Humildad y soberbia

 

Ha comenzado a llover con la mansa dulzura y dulce inocencia de lo primigenio. En esa sana disposición la oigo caer leve sobre los cristales, las amarillentas hojas de los otoñales árboles y las rojas sargas de los tejados.
Caer con la rotunda nobleza de que hace gala lo nuevo, la novedad. Sé que no lo es, que llueve desde antes que los hombres guarden memoria de los días de lluvia, y que florece en ella la memoria de esa naturaleza de la que es hoja y raíz.
Sin embargo, cada vez que llueve el hombre que la contempla con los ojos del alma la siente como la vez primera, y lo es.
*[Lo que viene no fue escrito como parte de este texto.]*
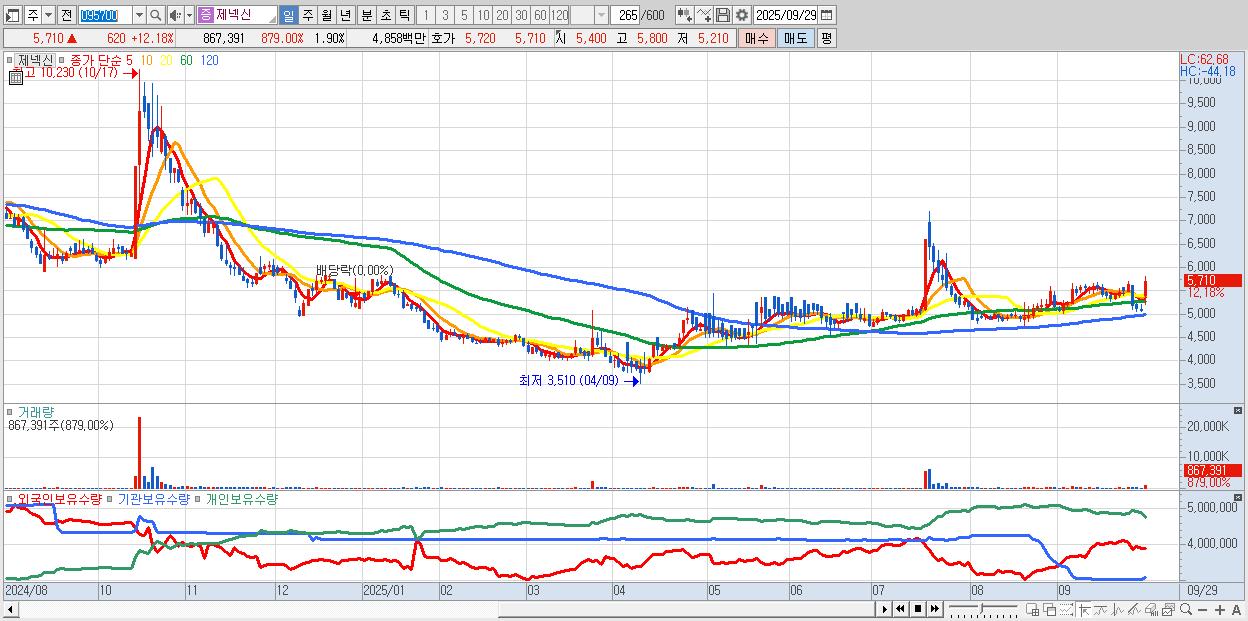 - 제넥신 (5,710원 ▲ 12.18% , 시총: 2,600억, 거래량: 867,391, 거래대금:49억)
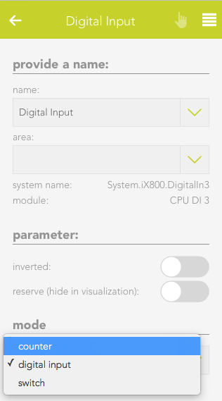 The object panel for this window contact will display whether this window is open or closed. If “open” and “closed” are reversed, i.e. the object panel shows a window to be open although it is actually closed, then activate the option “invert” in the operator panel.
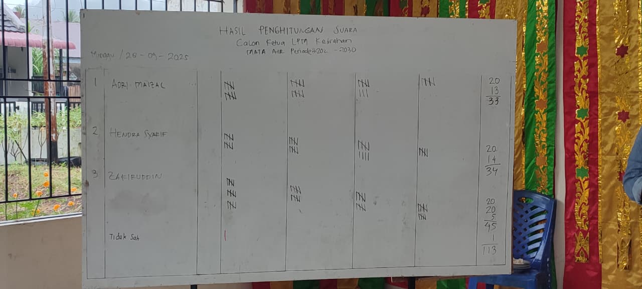Dari hasil penghitungan suara, Zakiruddin berhasil memperoleh dukungan terbanyak dengan 45 suara, disusul oleh Hendra Syarif dengan 34 suara, dan Adri Maizal dengan 33 suara. Sementara itu, terdapat 1 suara yang dinyatakan tidak sah. Dengan hasil tersebut, Zakiruddin resmi terpilih sebagai Ketua LPM Kelurahan Mata Air periode mendatang.
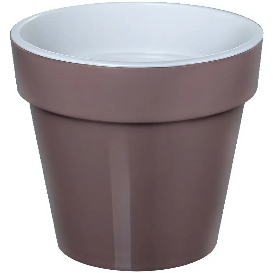 Пластиковое кашпо «Порто» сочетает практичность и эстетику: матовая поверхность мокко снаружи и гладкая белая вставка внутри создают эффект двойного слоя. Идеальный выбор для тех, кто ценит аккуратный внешний вид и удобство в уходе.

El acto de llover puede repetirse miles de veces en la vida de una persona, pero sus gotas son siempre nuevas.
No hay magia, no cabe tampoco el engaño, solo el esfuerzo de cruzar los áridos espacios que separan el estado líquido del gaseoso para volver a caer colmando la sed de las tierra y los seres que las habitan, sin exigir nada a cambio ni querer cambiarlo por nada.
Es por eso por lo que cada gota de lluvia es tan importante como las demás y que todas son, necesariamente, únicas y primeras. Y siendo tan especiales, necesarias y singulares, las oigo caer humildes sobre hombres soberbios y, por esa soberbia, ruines, y por esa ruindad, insolidarios, y por insolidarios, comunes.
Hombres que sin haber realizado jamás el sublime esfuerzo de trasmutarse para ser augurio de abundancia se reclaman lluvia de los hombres y pueblos del mundo.